Each state’s law provides for an enforcement mechanism, either under the data breach notification law itself or a related consumer protection statute. In several states, a violation of the applicable data breach notification law is considered an unfair or deceptive trade practice that may be enforced by a state attorney general or other government authority and subject a business to civil penalties. Some states such as California allow for affected individuals to have a private right of action to sue a business directly. For example, the California Consumer Privacy Act allows California residents whose PII is disclosed in a data breach to claim statutory damages of up to $750 per resident per incident or actual damages, whichever is greater, and individual residents may combine their claims into a class action. Illinois provides for both enforcement by the Illinois State Attorney General, as well as a private right of action for Illinois residents.

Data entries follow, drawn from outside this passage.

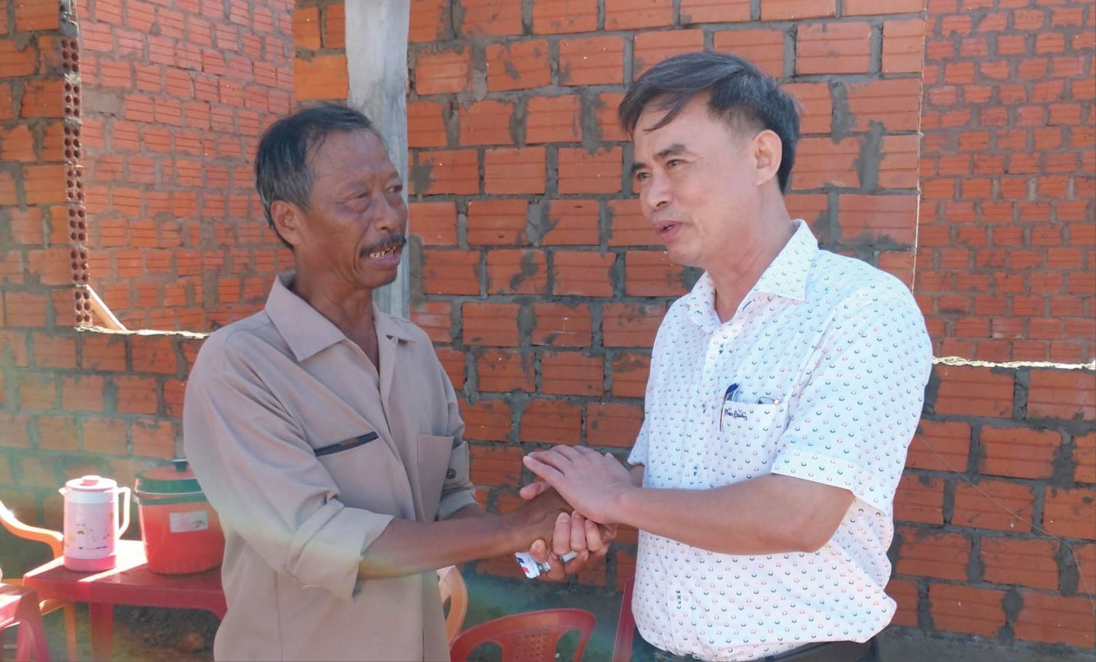 Bí thư Thị ủy Hương Thủy Lê Ngọc Sơn (phải) chia vui với ông Lê Xuân Dũng khi ngôi nhà mới ở khu TĐC sắp hoàn thành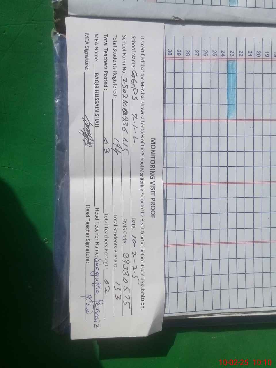 | Certified that this School was Inspected by the Undersigned MEA/DMO Today and the Information Stated Above is as Per Record. | |||||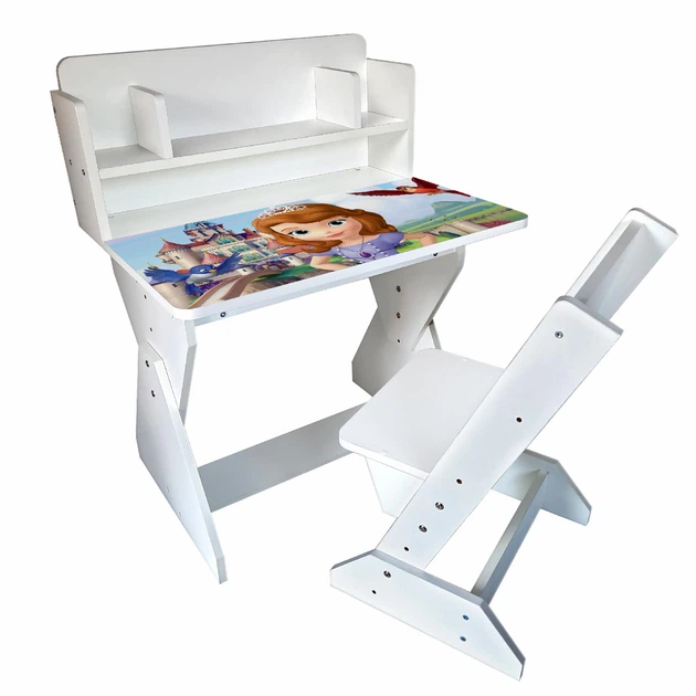 Дитяча парта зі стільчиком Українські янголята П02 з регулюванням висоти, білий колір, малюнок Софія Прекрасна

As of the writing of this article, there appears to be some indications that Congress may again consider implementing new federal data privacy legislation. In the meantime, businesses and practitioners will need to contend with the current patchwork of federal and state laws in the event of a data breach. Due to the increased complexity and challenge in responding to a data breach arising from the differences between the various state data breach notification laws, the most important consideration is swift action in compliance with the applicable law(s) once the breach is discovered. By quickly identifying the information disclosed in a breach and the individuals affected so that prompt notice can be sent, a business can help contain and reduce the risks of its customers or employees falling victim to fraudulent transactions and identity theft, as well as mitigate its own risks of litigation from customers or employees affected by the breach. In today’s digital world in which a data breach can occur at any time to any business, every business needs to have a plan for how it will respond to a data breach and then train its employees to identify and report a breach when it occurs. With these steps in place, businesses can be confident that they are doing everything possible to safeguard the personal data of their customers and employees in compliance with the law.

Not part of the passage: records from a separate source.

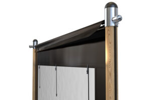 Het zeil is te openen door de ritsen omhoog te ritsen en het deel ertussen op te rollen. De opgerolde zeilen kunnen bovenaan worden vastgezet met de gespen. Zo kun je altijd een opening creëren in de tent. Ook is het mogelijk om een zeil weg te laten natuurlijk.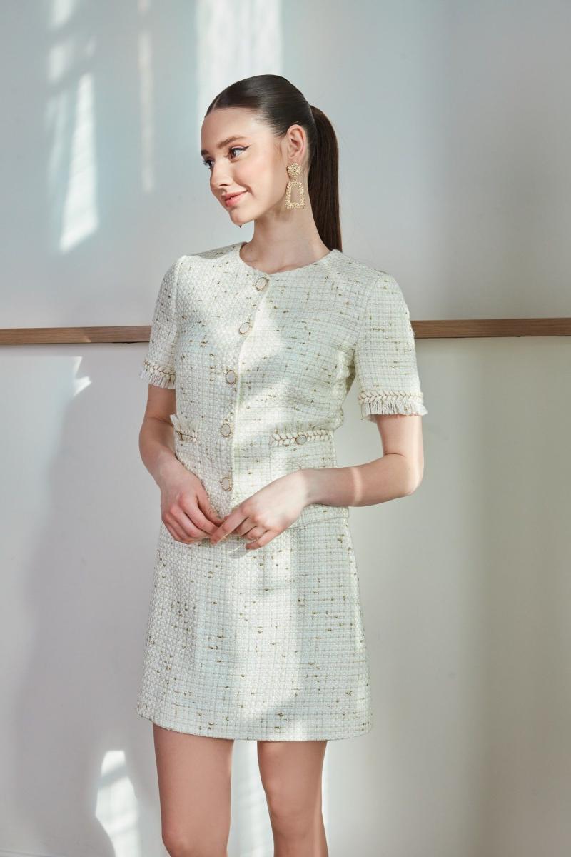 Жакет из мягкой костюмной ткани «рогожка с люрексом» укороченный, длиной ниже талии, полуприлегающего силуэта, с втачными рукавами длиной выше локтя, горловина округлой формы, без воротника. Детали переда с талиевыми вытачками и рельефами из пройм до низа, с настрочными карманами, расположенными на уровне линии талии. Спинка с талиевыми вытачками и средним швом. Застёжка жакета однобортная центральная на петли и пуговицы. Карманы со скруглёнными нижними углами, с отделочной тесьмой «косичка» по верхнему краю и бахромой, по центру верхнего края карманов пришиты пуговицы. Низ рукавов с отделочной тесьмой, настроченной над бахромой. Жакет на подкладке.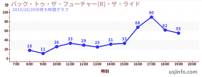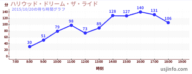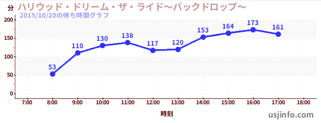 • ハリウッド・ドリーム・ザ・ライド〜バックドロップ〜$B$N(B2015年10月20日の待ち時間
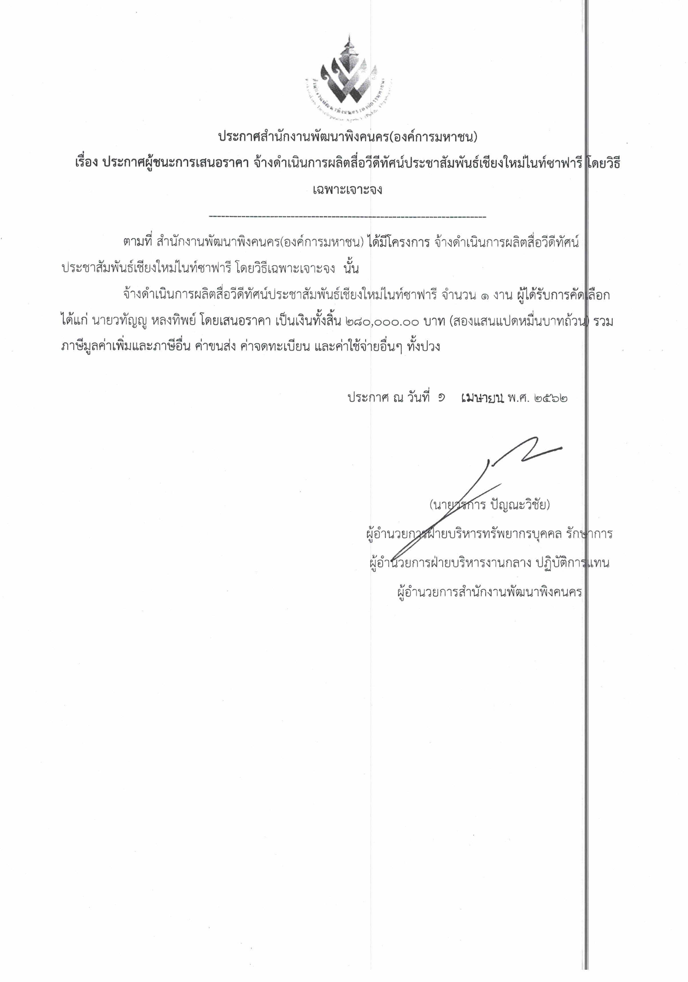 (ภาษาไทย) ประกาศผู้ชนะการเสนอราคา จ้างดำเนินการผลิตสื่อวีดิทัศน์ประชาสัมพันธ์เชียงใหม่ไนท์ซาฟารี โดยวิธีเฉพาะเจาะจง

 Examples of federal data privacy and protection laws are: HIPAA (Health Insurance Portability and Accountability Act), which protects individuals’ medical and other health information; GLBA (Gramm-Leach-Bliley Act), which requires financial institutions to protect their individual customers’ personal and financial information; and COPPA (Children’s Online Privacy Protection Act), which protects the personal information of children under 13 years of age.
 For the purposes of this article, the 50 U.S. states, the District of Columbia, Guam, Puerto Rico, and the U.S. Virgin Islands will be referred to collectively as “states” unless otherwise noted.